Robust Popular Matchings
- With Martin Bullinger and Rohith Reddy Gangam
- In Proceedings of the 23rd International Conference on Autonomous Agents and Multiagent Systems (AAMAS 2024)
Abstract
We study popularity for matchings under preferences. This solution concept captures matchings that do not lose against any other matching in a majority vote by the agents. A popular matching is said to be robust if it is popular among multiple instances.
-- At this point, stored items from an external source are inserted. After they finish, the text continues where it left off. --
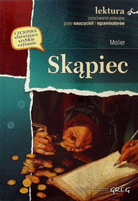 Skąpiec / Molier ; opracowały Anna Popławska, Agnieszka Wożny. - Wydanie 5 rozszerzone. - Kraków : Wydawnictwo Greg, copyright 2020. - 120 stron : ilustracje ; 20 cm.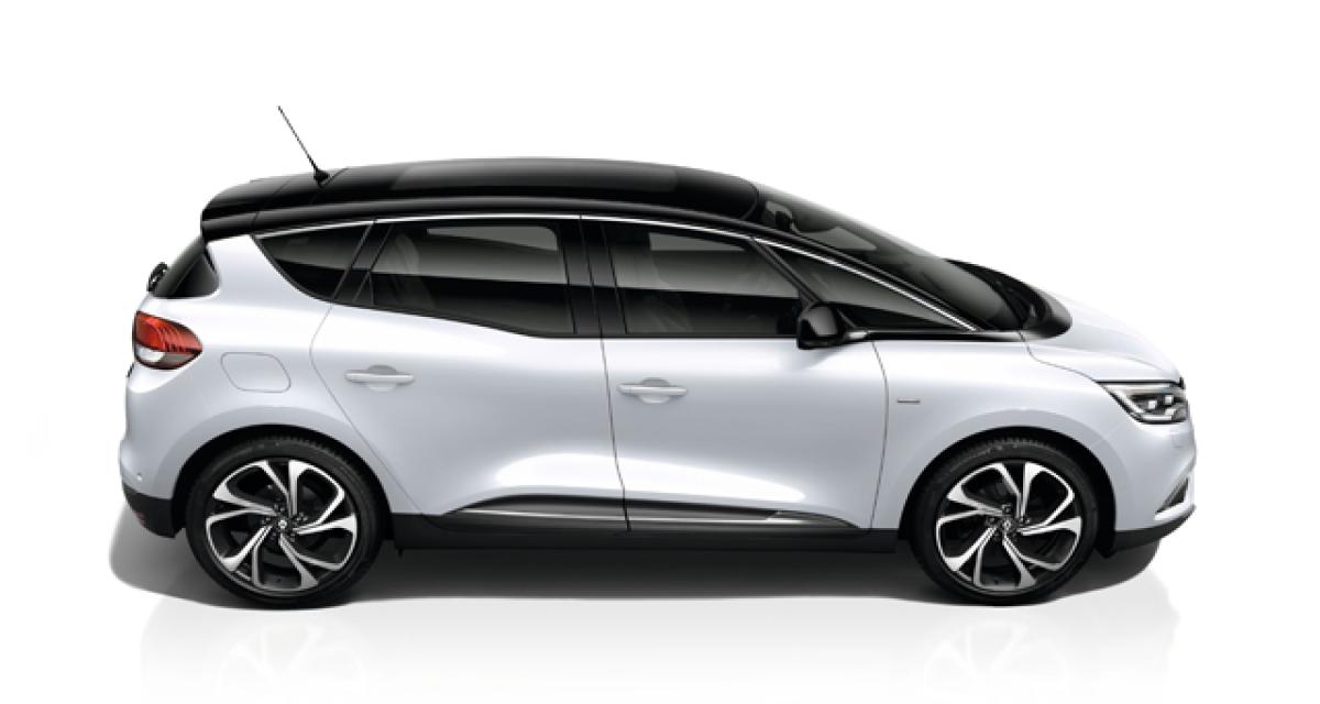 Le nouveau Renault Scénic arrivera dans le réseau Renault France à l’occasion des journées portes ouvertes du 13 au 17 octobre 2016. Il se décline en quatre niveaux de finitions : Life, Zen, Business, Intens mais Renault lui offre une Edition One de lancement. Sur base de version Intens, cette série limitée est proposée en teinte Blanc Nacré toit Noir. Elle s’habille d’une sellerie cuir gris clair dotée d’appui-têtes spécifiques, de sièges avant chauffants & massants à réglages électriques. Les sur-tapis disposent d’une ganse grise, le seuil de coffre est en aluminium, les jantes sont également spéciales. Plusieurs équipements complètent cette série limitée tels que l’Easy Park Assist, le système audio Bose à 12 haut-parleurs ou bien encore le toit verre panoramique.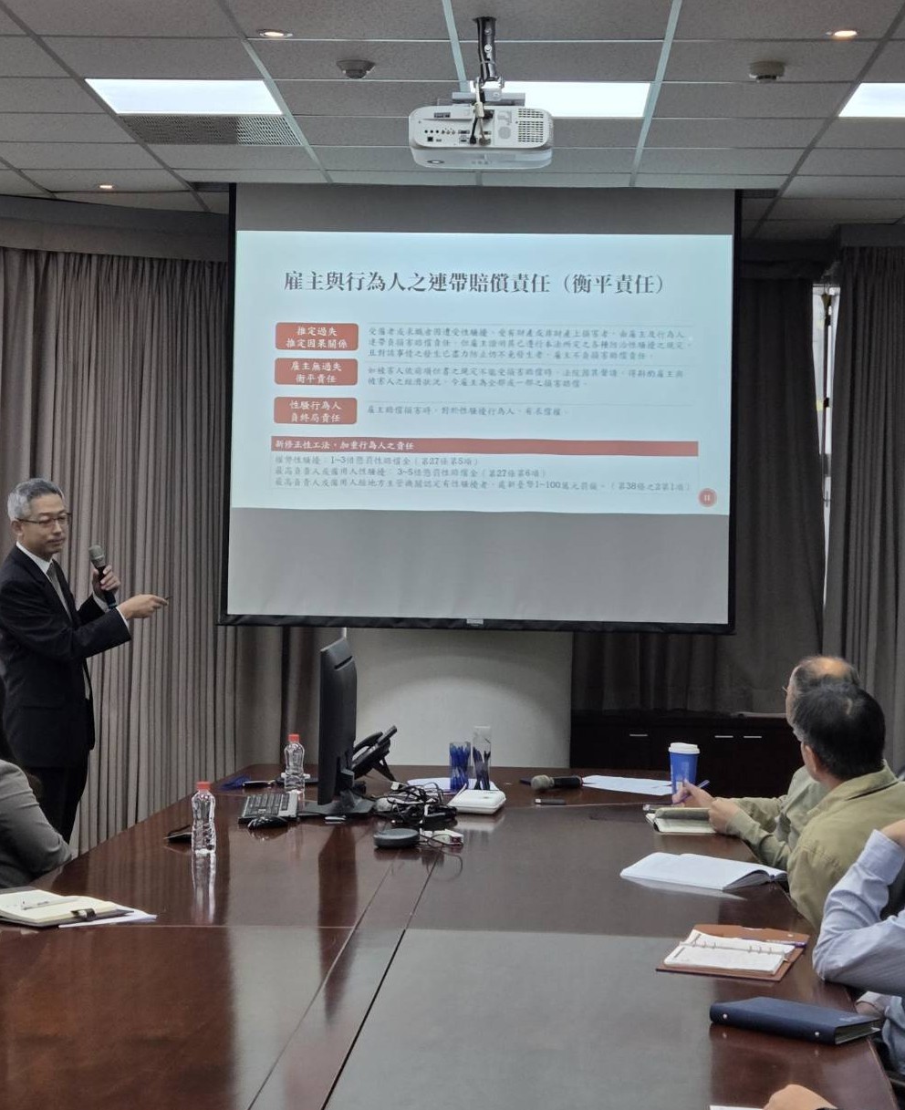 本所韓世祺主持律師於114年11月25日受邀擔任上市公司也是常年法律顧問客戶的性別平等工作法講座,與董事長、總經理及五十餘位高階主管分享性騷擾防治的概念及案例,其中包括韓世祺律師親自主辦、選入勞動部職場性騷擾申訴處理指導手冊中的指標案例(臺灣高等法院 109 年度重勞上字第 27 號民事判決)。韓律師結合理論與實務經驗,配合去識別化後的實際案例深入淺出,獲得與會人士一致肯定。

We present a polynomial-time algorithm for deciding whether there exists a robust popular matching if instances only differ with respect to the preferences of a single agent while obtaining NP-completeness if two instances differ only by a downward shift of one alternative by four agents. Moreover, we find a complexity dichotomy based on preference completeness for the case where instances differ by making some options unavailable.